Das Fragment Rom zeigt stilistisch und thematisch am deutlichsten den Einfluss, den E. T. A. Hoffmann auf Gogol gehabt hat, kommt über Ansätze zu einer phantastischen Erzählung aber nicht hinaus.

Über die zurecht bekannten Stücke hinaus ist kaum eine Entdeckung zu machen; wer an Gogol als Erzähler interessiert ist, findet hier eine halbwegs chronologische Darstellung seiner Entwicklung bis hin zu den Toten Seelen.

Nikolaj Gogol: Sämtliche Erzählungen. Aus dem Russischen von Josef Hahn. Lizenzausgabe. Darmstadt: Wissenschaftliche Buchgesellschaft, 1961. Leinen, Dünndruck, Fadenheftung, 882 Seiten. Nur noch antiquarisch lieferbar.

Jean Canavaggio: Cervantes

Miguel de Cervantes hat für einen Schriftsteller – wenigstens nach unseren bürgerlichen Vorstellungen – ein recht abenteuerliches Leben geführt.
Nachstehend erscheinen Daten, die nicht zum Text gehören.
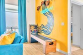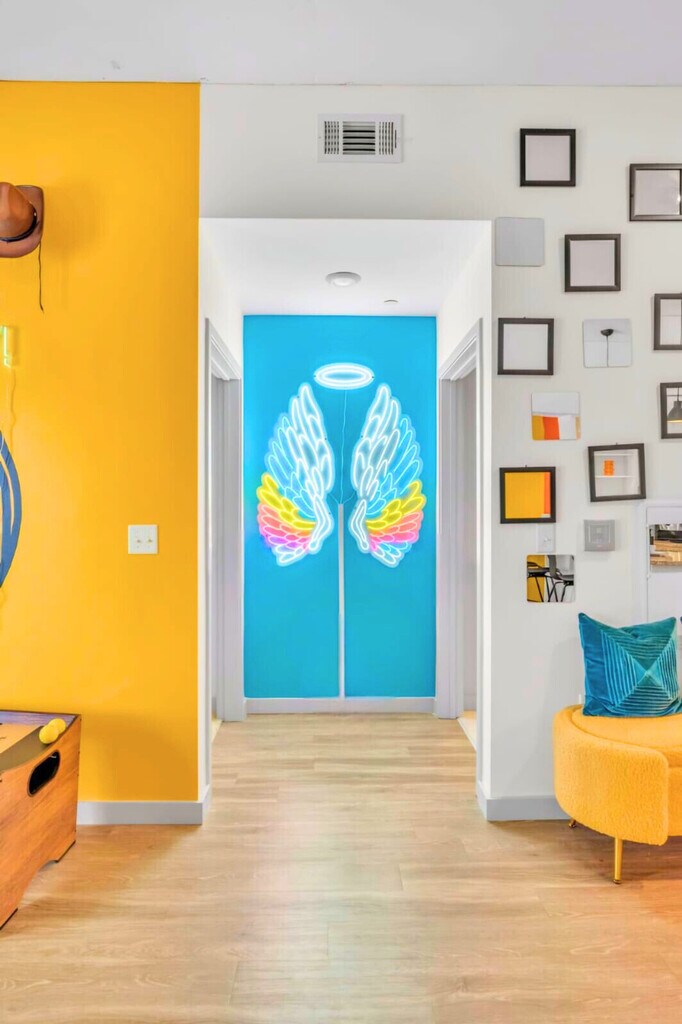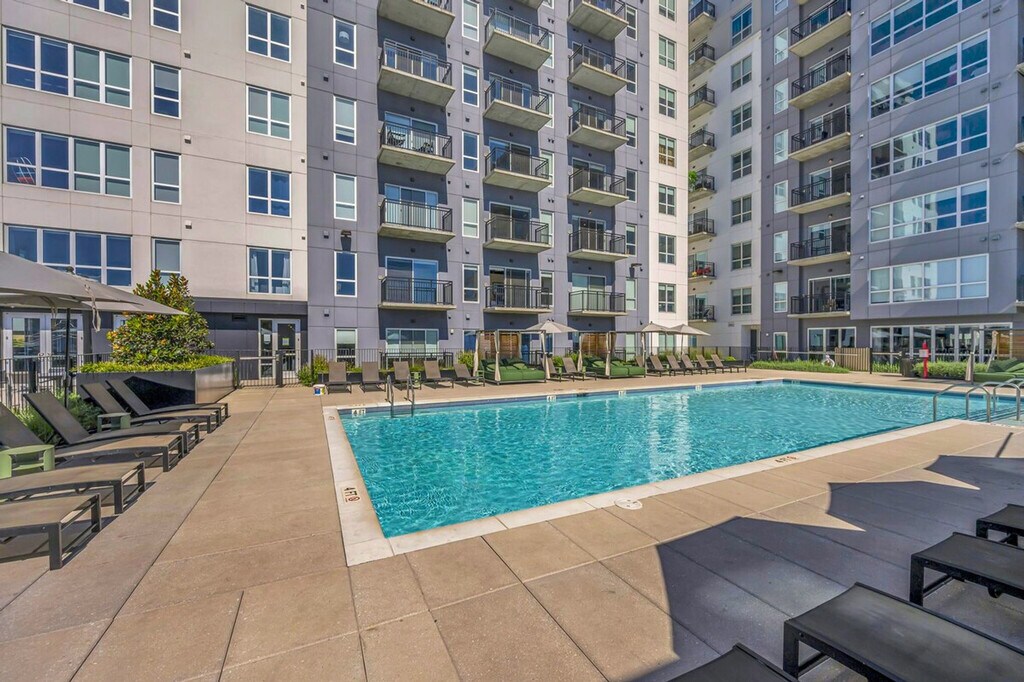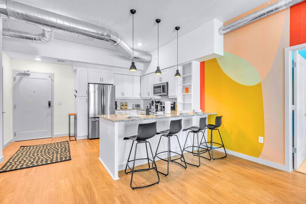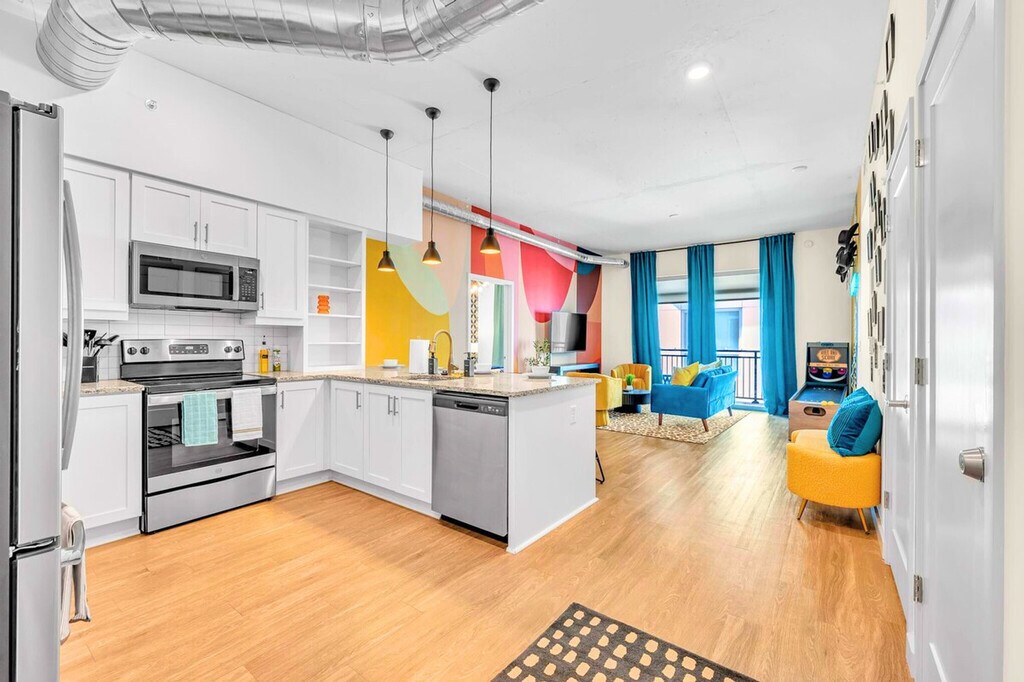 Welcome to the stylish Yee Haw Hangout, the perfect place to kick back during your stay in Nashville. Feel at home in this 2-bedroom suite with a private balcony. This suite features high-end amenities, perfect for entertaining or unwinding. It includes a fully equipped kitchen with kitchen appliances such as a microwave, oven, kettle, coffee maker, cooking and eating utensils. There is also a 55" Smart TV and comfy seating. Guests have access to one parking spot located in the parking garage. Guests must register their vehicle via the Parkade app to be granted free parking. Enjoy luxurious amenities including a rooftop pool, rooftop patio, lounge, and state-of-the-art gym. Located in a well-sought after apartment community, this apartment is a 4-minute drive to Broadway in the heart of downtown Nashville and is within walking distance to tons of bars and restaurants. The pool is open from 8 am-8 pm 7 days a week with the exception of December and January. A starter kit of supplies is provided to make your stay more comfortable, including one bathing towel and one washcloth per guest, two hand towels in the bathroom, body soap, hand soap, shampoo and conditioner, two kitchen towels, three rolls of toilet paper, two rolls of paper towel under the kitchen sink, laundry soap and softener, dish washing soap and dishwasher pods, ground coffee, tea, powdered coffee creamer, sugar, salt, pepper, cooking oil and vinegar. A drip coffee maker (with filters) and a hot water kettle are available for your use in the kitchen. [SI]

Er wurde geboren in dem Jahr, als der Konquistador Hernán Cortés starb, also noch unter der Herrschaft Karls I., als eines von sieben Kindern eines Wundarztes, der seine Familie mehr schlecht als recht über die Runden brachte. Er machte schon in seiner Kindheit zusammen mit seiner Familie eine unruhige Wanderzeit durch, die sein Leben für sehr lange Zeit prägen sollte. Trotz der Armut seiner Familie erhält Miguel eine solide Schulbildung, man spekuliert, ob in einer jesuitischen Schule in Córdoba; ein nachfolgendes Studium der Theologie, das ihm einige Biographen zuschreiben, ist nicht nachweisbar. Wahrscheinlich träumt er in diesen Jahren schon von einer Karriere als Schriftsteller.

Bevor er überhaupt Zeit gehabt hätte, sich an einer Universität einzuschreiben, flieht er nach Italien, wahrscheinlich um sich einer Verhaftung aufgrund eines Duells zu entziehen, arbeitet dort kurzzeitig als Kammerdiener für den späteren Kardinal Giulio Acquaviva und tritt dann ins spanische Heer ein, wird also Teil der spanischen Besatzungsmacht in Italien. Er nimmt zusammen mit seinem jüngeren Bruder Rodrigo als Soldat an der Seeschlacht von Lepanto teil, wird dort von drei Kugeln verletzt, von denen eine seine linke Hand durchschlägt und unbrauchbar macht.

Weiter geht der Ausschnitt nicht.